Learning Rate Calculator and Scheduler Guide
Calculate optimal learning rates and schedule them correctly for your ML training runs. Covers warmup, cosine decay, cyclical, and step decay strategies.
Learning rate is the single hyperparameter that breaks more training runs than any other. Too high and your loss explodes or oscillates. Too low and you waste compute crawling toward a mediocre minimum. Getting it right isn't magic — there's a principled approach to finding a good starting point and then scheduling it intelligently.
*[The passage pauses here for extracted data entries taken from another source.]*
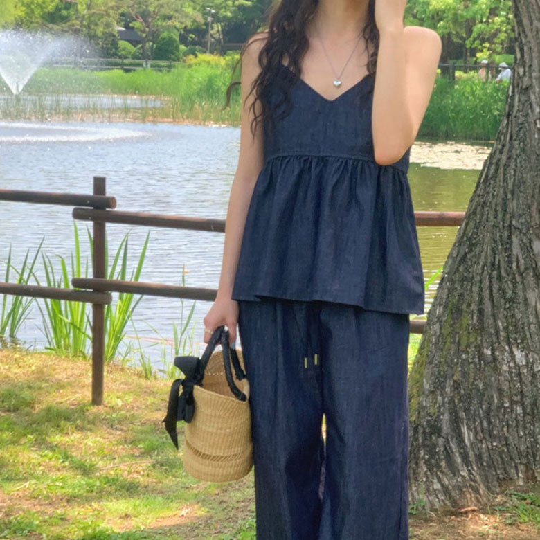 ★夏のカジュアルSTYLEにぴったりデニム風のキャミセットアップ! 【素材】 レーヨン、コットン【サイズ】 ワンサイズ(トップス・着丈、約49m・肩ヒモ、約25cm・バスト、約74cm)(ボトムス・股上、約36m・股下、約70cm・ウエスト、約60〜74cm) ※若干の誤差はご容赦下さい。【カラー】ワンカラー▼生産時期によって厚さや色味が若干異なる場合がございます。 ▼色合いはモニター環境により若干の誤差が出ます。 ▼サイズ表記は手作業にて行っておりますので、 実物と若干の誤差が生じる場合があります。
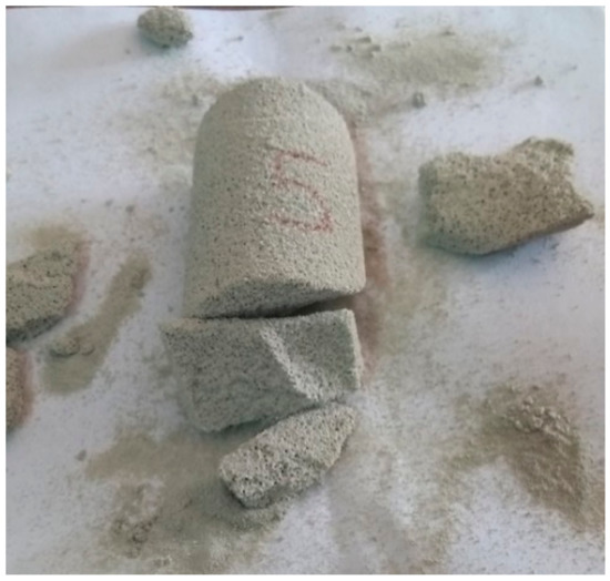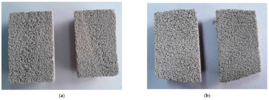 It is interesting to note that (important/macro-) cracks were not observed in any of the analyzed cases. It was evident that the damage and failure process in foam concrete was represented by the disaggregation of the material skeleton. It was also observed that this disaggregation process always occurs in coincidence with the zone where the loads are concentrated. To confirm the latter, the tested samples number 7 and 9 in Figure 10b were cut using a band saw and analyzed. The cut samples are presented in Figure 12, in which it can be observed that damage was not appreciable in the middle of the height but was considerable at the upper and lower extremes of the specimens.
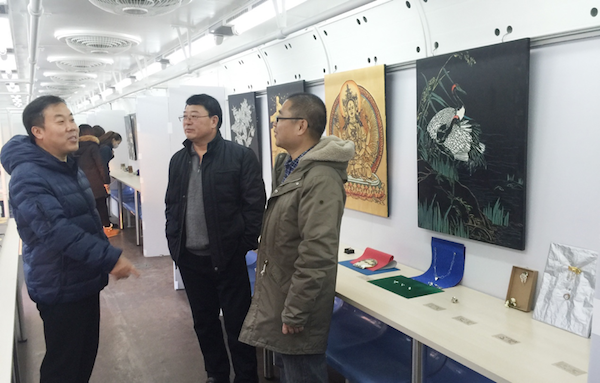 11月30日下午,校领导刘林、秦士友、胡丽琴、曾玉红前往顺义校区2号实训楼北侧“青春号艺术馆”,视察了工艺美术系校外实践成果展。文化学院副院长、工艺美术系主任陈秋荣,校办副主任郭红霞及相关老师陪同。
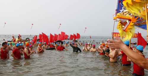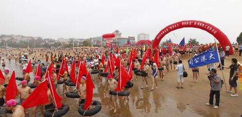 8點(diǎn)鐘,青島港董事局主席、總裁常德傳發(fā)表了講話并鳴槍發(fā)令,激情橫渡匯泉灣活動(dòng)正式開(kāi)始。2000多名海港職工組成的6大橫渡方陣,首尾相接。在《美麗的青島港》的激揚(yáng)旋律中,職工們高舉“凝聚合力 擁抱蔚藍(lán)”、“勇當(dāng)率先科學(xué)發(fā)展實(shí)現(xiàn)藍(lán)色跨越的排頭兵”、“魅力大港 藍(lán)色跨越”、“溫馨西聯(lián)”、“激情橫渡匯泉灣 做大做強(qiáng)董家口”等大型紅色標(biāo)牌矗立海面上,格外突出,引人注目。(青島新聞網(wǎng)記者 孫璐璐)
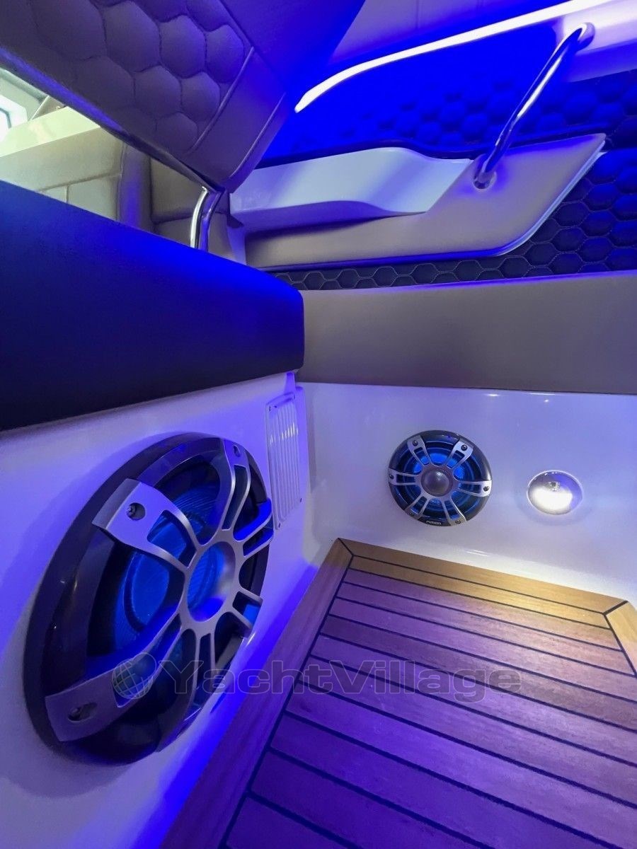 - Premium Sound System Fusion Apollo RA770 flush recessed in the cockpit with additional remote control on the stern sun loungerFusion MS-NRX 300, 6 x Fusion 6.5 inch marine speaker with subwoofer and Fusion Amplifier 5 channel amplifier with 1600 watts, of which 2 x Fusion Mariene speaker 6.5 on the bathing platform,
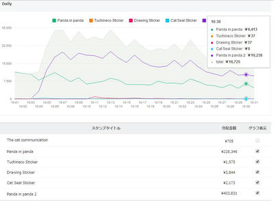 10/ 30の売上 16,725円(推定336セット)
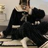 Girls' Black College Style Flannel Pajamas - Cute, Thick Coral Fleece, Large Size for Autumn and Winter.
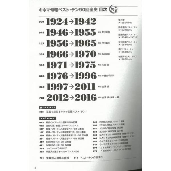 1924年の第1回開催以来、戦争による中断をはさんで 2016年のベスト・テンで90回を数えたキネマ旬報ベスト・テン。各年度のベスト・テン結果のデータおよびランク入りした全作品の順位紹介を中心に、戦後は各年度の映画状況、興行ベスト・テンや映画界10大ニュース、コラムやデータも充実させた永久保存決定版!
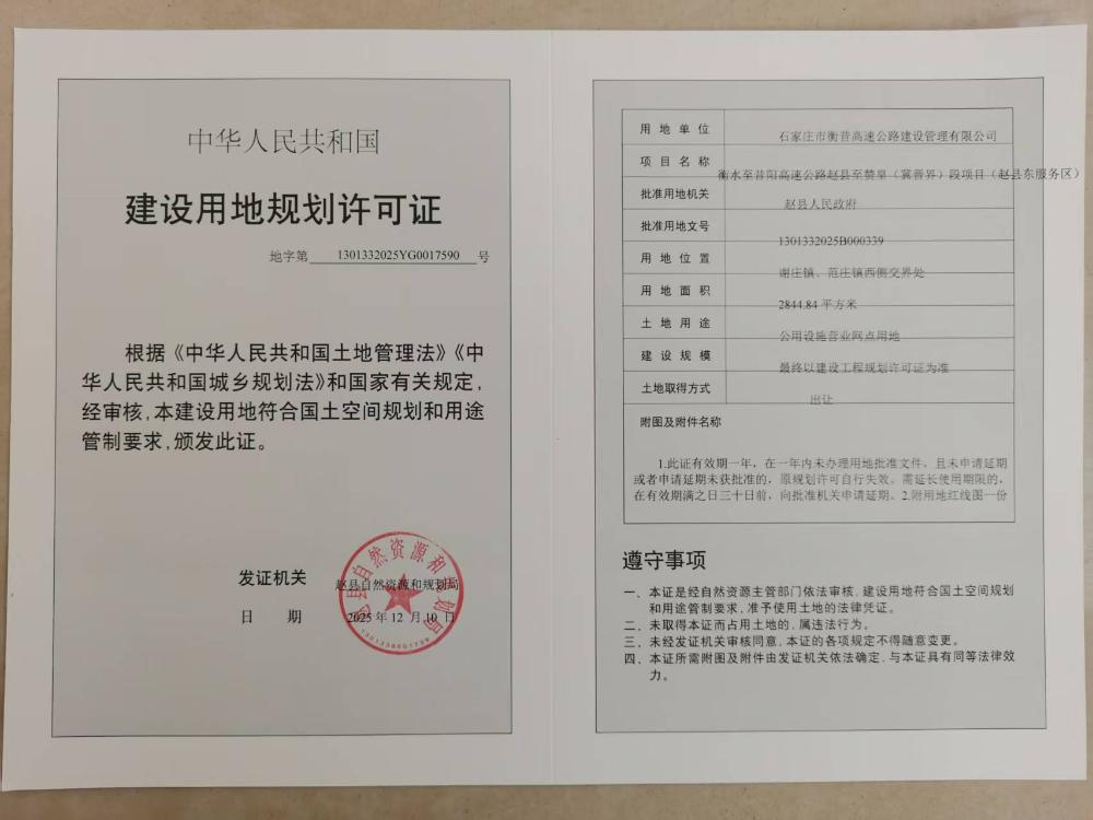 衡水至昔阳高速公路赵县至赞皇(冀晋界)段项目(赵县东服务区)建设用地规划批后公告
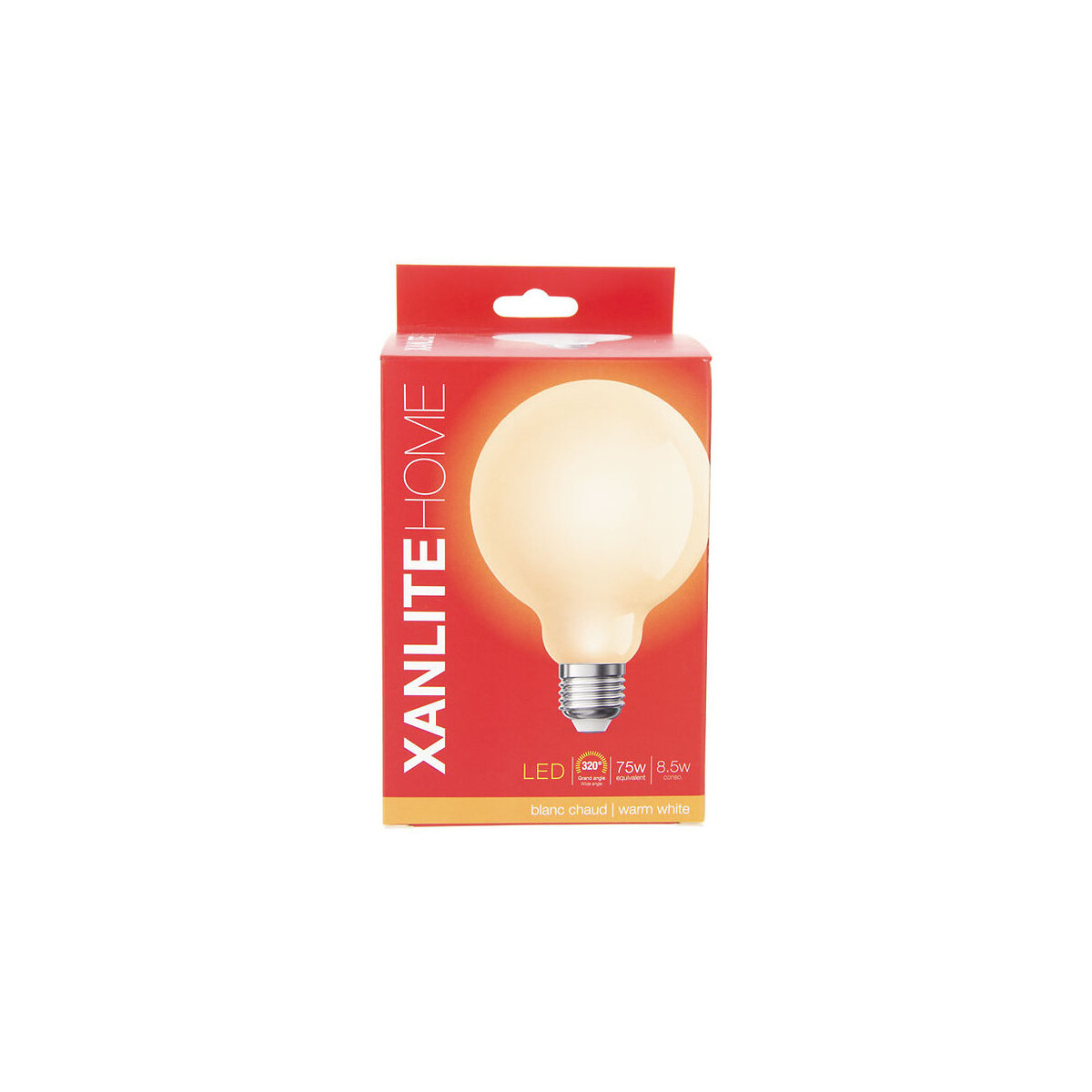 Ampoule LED B95, culot E27, conso. 8,5W, 1055 Lumens, Blanc chaud Ampoule LED B95 au gros culot à vis E27 permettant une installation simple et rapide. Opter pour un culot E27 c’est choisir une ampoule qui s’adaptera à la majorité des luminaires ( lampes à poser , des suspensions ) afin de sublimer votre pièce. Avec sa température de couleur d’aspect blanc chaud, de 2700 kelvins, idéale pour créer des ambiances chaleureuses et accueillantes. Avec son angle large elle sera idéale pour vos moments de détente dans vos pièces préférées : salon, salle à manger ou chambre afin de passer du bon temps en famille ou bien faire les devoirs avec vos enfants. Avec ses lumens de 1055 lumens, cette ampoule offrira un parfait éclairage pour l’éclairage de petites ou moyennes pièces comme vos espaces bureaux, couloirs ou chambres. Équipée de la technologie LED, elle dispose d’une faible consommation d’énergie de 8.5W, équivalant à la puissance d’éclairage d’une ampoule incandescente de 75W. Ainsi faites des économies d’énergie (jusqu’à 90%) pour réduire vos factures d’électricité. À savoir : comme avec toutes nos ampoules XanLite, optez pour la technologie LED, c’est faire le choix d’ampoules : Moins gourmandes en énergie : jusqu’à 90% d’économies d’énergie réalisées et certifié d’une consommation A++ pour un impact environnemental responsable Plus sûres : grâce à sa technologie, le verre d’une ampoule LED ne chauffe que très faiblement. Ainsi, les risques de brûlure et d’incendie sont largement diminués, permettant une utilisation plus diversifiée de l’ampoule (suspension basse, ampoule sur lampe à poser sans abat-jour, spot bas etc.). De plus, la LED ne produit ni rayonnement UV, ni rayonnement infrarouge, et n’est composée d’aucuns produit dangereux (comme le mercure par exemple). Attention cependant, votre produit comme tout produit électrique produit électrique produit de la chaleur. Aussi, après une utilisation prolongée, le culot de votre ampoule ou bien son dissipateur peuvent être chaud. Qui durent : les ampoules LED ont une longévité plus longue que les autres technologies et ont une durée de vie de 15000 heures (soit environ 7x plus longtemps qu’une ampoule classique). Avec un meilleur rendu des couleurs : la technologie LED permet d’atteindre un IRC >80*. Ainsi, vos ampoules vous apporteront une lumière de qualité. Dont l’allumage est instantané : une ampoule LED met moins d’une seconde pour s’allumer. Par ailleurs, au-delà de tous les avantages de cette ampoule LED, il est important de savoir qu’elle est également recyclable dans tous les points de collecte Recyclum ou autre organisme équivalent (à retrouver dans vos magasins de bricolage ou magasins spécialisés types Boulanger). Pour mettre en valeur votre ampoule n’hésitez pas à l’agrémenter par nos différents luminaires . Votre ampoule est garantie 5 ans. Attention : cette ampoule est un produit de catégorie électrique, veiller à ne pas le laisser à portée des enfants. Les caractéristiques techniques de nos produits sont indicatives, elles peuvent être amenées à évoluer suite aux réglementations européennes, aux améliorations techniques ou évolutions technologiques. *IRC, ou Indice de Rendu de Couleurs, est une valeur comprise entre 1 et 100, qui indique avec quel degré de précision une source lumineuse peut restituer la couleur des objets. Sachant que la lumière du jour est celle qui permet au mieux de restituer les couleurs (IRC=100). Plus l’IRC est élevé, plus les couleurs sont vives et précises.

Starting Point: The Learning Rate Range Test
The most reliable way to find a good initial learning rate is to run a short "LR range test": train for ~100 steps with LR increasing exponentially from 1e-7 to 10. Plot loss vs LR. The learning rate one order of magnitude before the loss starts to blow up is usually your sweet spot.
For quick estimation without a range test, the CalcHub Learning Rate Calculator lets you enter your model type, optimizer, and batch size. It outputs a suggested starting LR based on published heuristics, with reasoning.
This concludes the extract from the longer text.